The γ-analysis for SciMoCa vs. TPS with 2%-2mm and 2%-1mm criteria showed moderate correlation with gamma pass rates of the TPS calculation vs. measurement QA (r=0.54, p<0.05). Moderate correlation was present between SciMoCa γ-pass rates (2%-2mm and 2%-1mm) and few plan complexity indices: Field Irregularity (FI) (r= -0.66, p<0.05) and product of the FI and Small Segment Contribution index (r=-0.48, p<0.05).
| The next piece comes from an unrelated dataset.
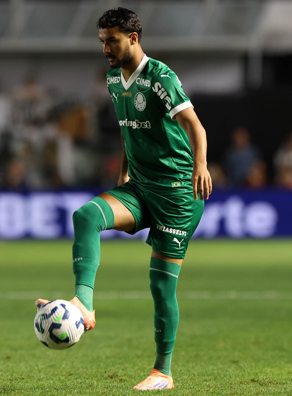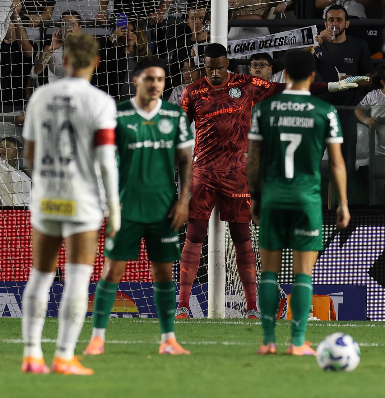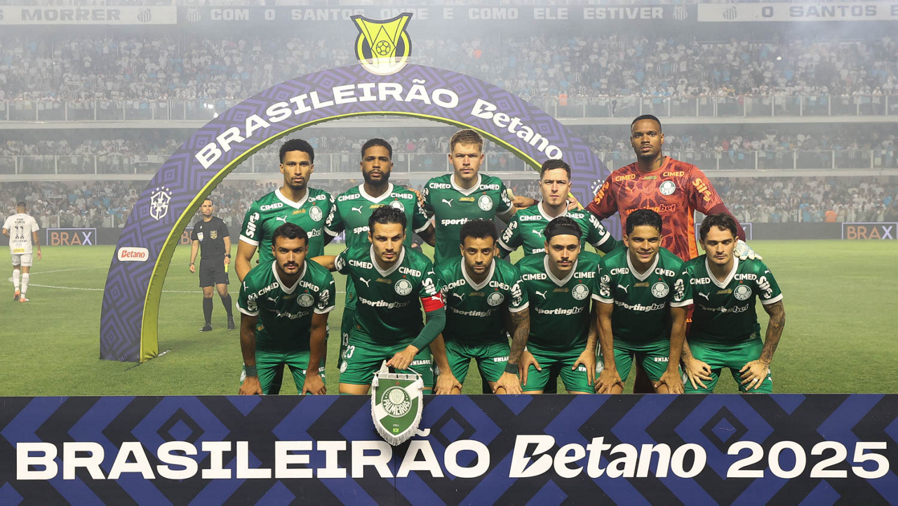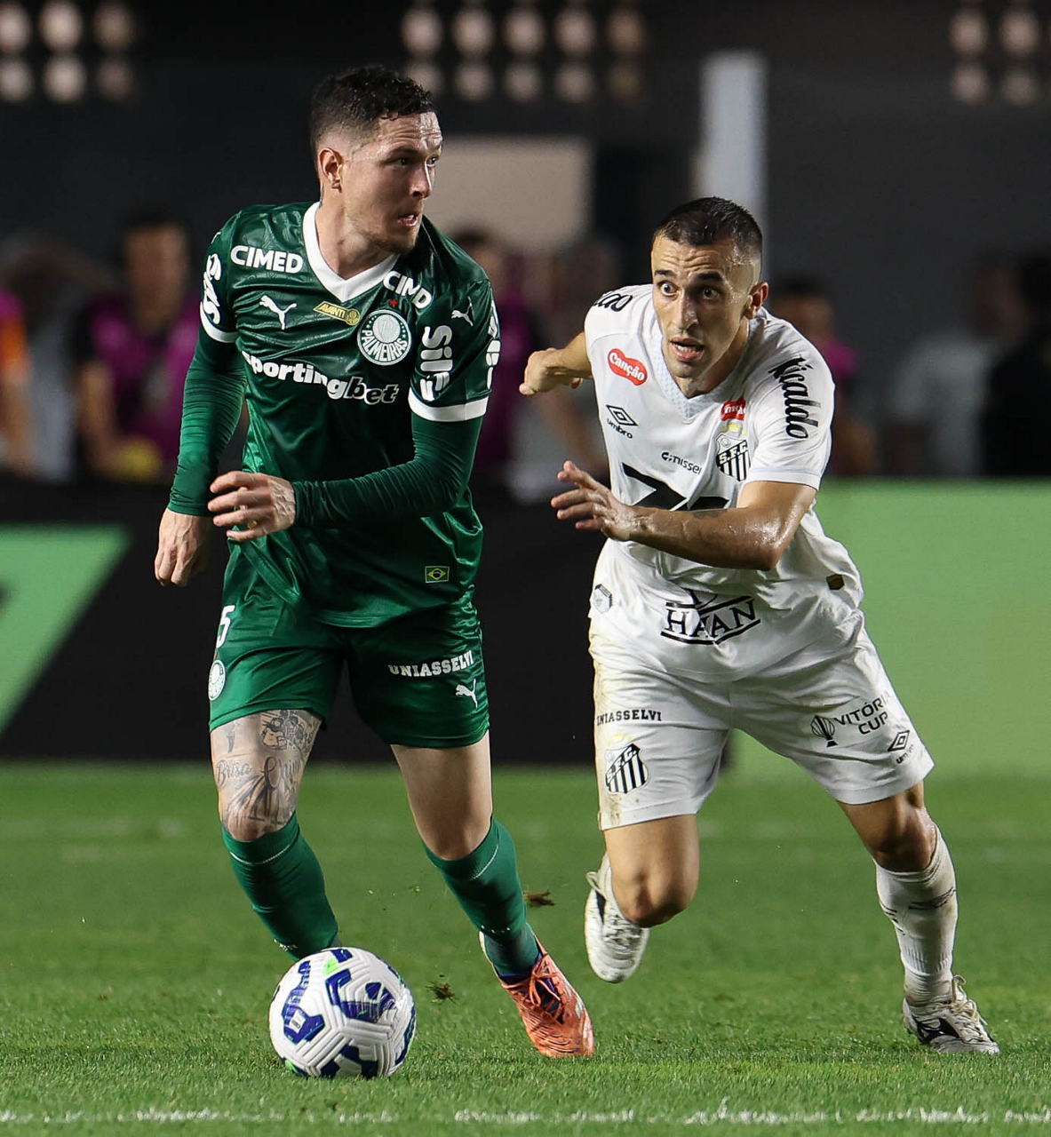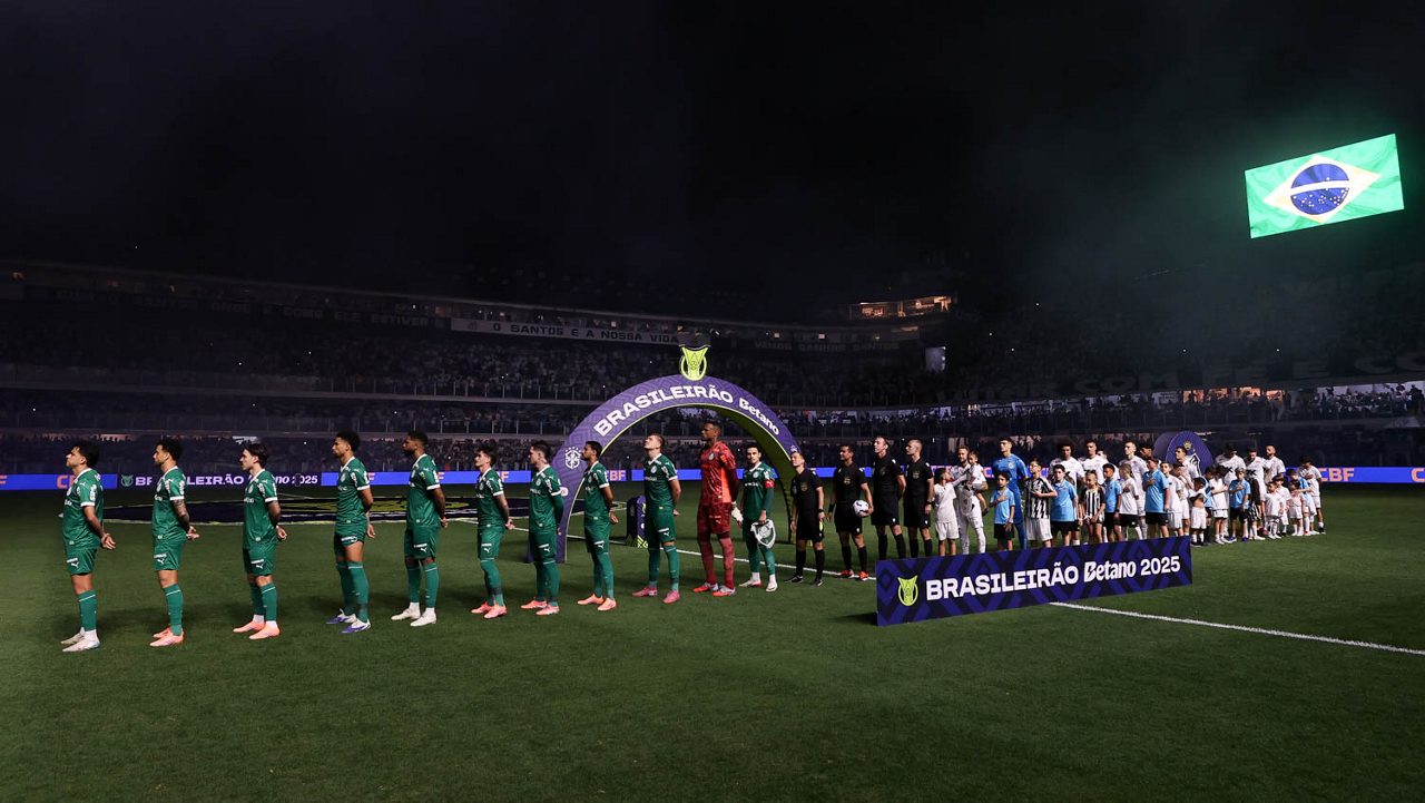 O técnico Abel Ferreira e o jogador Felipe Anderson (E), da SE Palmeiras, em jogo contra a equipe do Santos FC, durante partida válida pela décima terceira rodada, do Campeonato Brasileiro, Série A, no Estádio Vila Belmiro. (Foto: Cesar Greco/Palmeiras/by Canon)

SciMoCa plan QA results applying different γ-criteria for all plans with two exemplary induced errors are shown in the Fig 1.
For 2%-1 mm γ criteria sensitivity for MLC offset error detection was above 80% and 90% if the plan is considered passing with y>90% and >95%, respectively. Errors in density overrides or HU-ED conversion were detected with γ-criteria of 2%-1mm. Control charts (QACC) were created for the QA with SciMoCa to be used together with measurement QACC (Fig. 2) and γ-values of 94.5% and 92% were derived as new warning and failed plan criteria.
Conclusion
The study shows that 3D MC plan verification with tight gamma criteria (2%-2mm and below) provides reliable method to discover clinically relevant errors in beam model and plan parameters, besides rigorous second check of the TPS algorithm. Institution-specific control charts are useful tool to define action limits for calculation-based QA and enhance safety in clinical process.